··· ENTRIES PROVIDED

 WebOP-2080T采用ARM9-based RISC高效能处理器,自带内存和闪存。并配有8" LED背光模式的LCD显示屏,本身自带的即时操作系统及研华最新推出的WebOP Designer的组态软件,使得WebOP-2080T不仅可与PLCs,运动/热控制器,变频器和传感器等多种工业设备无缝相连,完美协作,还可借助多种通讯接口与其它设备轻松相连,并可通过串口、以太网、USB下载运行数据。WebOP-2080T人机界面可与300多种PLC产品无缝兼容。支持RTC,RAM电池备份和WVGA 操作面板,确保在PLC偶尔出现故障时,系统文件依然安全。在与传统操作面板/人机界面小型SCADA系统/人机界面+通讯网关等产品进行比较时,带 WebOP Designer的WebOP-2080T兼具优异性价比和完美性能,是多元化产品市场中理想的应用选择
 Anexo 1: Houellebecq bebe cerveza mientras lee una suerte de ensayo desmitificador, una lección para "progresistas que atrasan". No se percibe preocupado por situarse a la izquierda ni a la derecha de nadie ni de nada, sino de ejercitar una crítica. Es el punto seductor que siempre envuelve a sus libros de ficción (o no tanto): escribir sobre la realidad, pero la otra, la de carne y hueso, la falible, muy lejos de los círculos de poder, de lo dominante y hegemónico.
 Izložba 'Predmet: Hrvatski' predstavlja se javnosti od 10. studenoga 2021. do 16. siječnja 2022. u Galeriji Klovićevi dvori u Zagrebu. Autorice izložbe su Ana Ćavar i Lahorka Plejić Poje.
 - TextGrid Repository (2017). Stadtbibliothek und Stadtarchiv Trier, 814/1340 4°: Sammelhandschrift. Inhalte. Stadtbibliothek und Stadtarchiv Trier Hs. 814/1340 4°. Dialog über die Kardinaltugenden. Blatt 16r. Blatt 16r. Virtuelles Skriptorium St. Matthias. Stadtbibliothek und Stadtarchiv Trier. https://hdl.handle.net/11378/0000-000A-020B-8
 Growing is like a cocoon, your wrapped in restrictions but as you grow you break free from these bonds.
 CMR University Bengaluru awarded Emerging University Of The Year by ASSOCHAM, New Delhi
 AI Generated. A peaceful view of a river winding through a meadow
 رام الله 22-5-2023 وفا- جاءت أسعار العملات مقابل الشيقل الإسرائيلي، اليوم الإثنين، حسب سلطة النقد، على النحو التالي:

······

WHAT THE TASK REQUIRES
Beginning at the top of the data, please return every line until and including the line containing "- TextGrid Repository", copied exactly, and nothing past it.

ANSWER FOR THE TASK
 WebOP-2080T采用ARM9-based RISC高效能处理器,自带内存和闪存。并配有8" LED背光模式的LCD显示屏,本身自带的即时操作系统及研华最新推出的WebOP Designer的组态软件,使得WebOP-2080T不仅可与PLCs,运动/热控制器,变频器和传感器等多种工业设备无缝相连,完美协作,还可借助多种通讯接口与其它设备轻松相连,并可通过串口、以太网、USB下载运行数据。WebOP-2080T人机界面可与300多种PLC产品无缝兼容。支持RTC,RAM电池备份和WVGA 操作面板,确保在PLC偶尔出现故障时,系统文件依然安全。在与传统操作面板/人机界面小型SCADA系统/人机界面+通讯网关等产品进行比较时,带 WebOP Designer的WebOP-2080T兼具优异性价比和完美性能,是多元化产品市场中理想的应用选择
 Anexo 1: Houellebecq bebe cerveza mientras lee una suerte de ensayo desmitificador, una lección para "progresistas que atrasan". No se percibe preocupado por situarse a la izquierda ni a la derecha de nadie ni de nada, sino de ejercitar una crítica. Es el punto seductor que siempre envuelve a sus libros de ficción (o no tanto): escribir sobre la realidad, pero la otra, la de carne y hueso, la falible, muy lejos de los círculos de poder, de lo dominante y hegemónico.
 Izložba 'Predmet: Hrvatski' predstavlja se javnosti od 10. studenoga 2021. do 16. siječnja 2022. u Galeriji Klovićevi dvori u Zagrebu. Autorice izložbe su Ana Ćavar i Lahorka Plejić Poje.
 - TextGrid Repository (2017). Stadtbibliothek und Stadtarchiv Trier, 814/1340 4°: Sammelhandschrift. Inhalte. Stadtbibliothek und Stadtarchiv Trier Hs. 814/1340 4°. Dialog über die Kardinaltugenden. Blatt 16r. Blatt 16r. Virtuelles Skriptorium St. Matthias. Stadtbibliothek und Stadtarchiv Trier. https://hdl.handle.net/11378/0000-000A-020B-8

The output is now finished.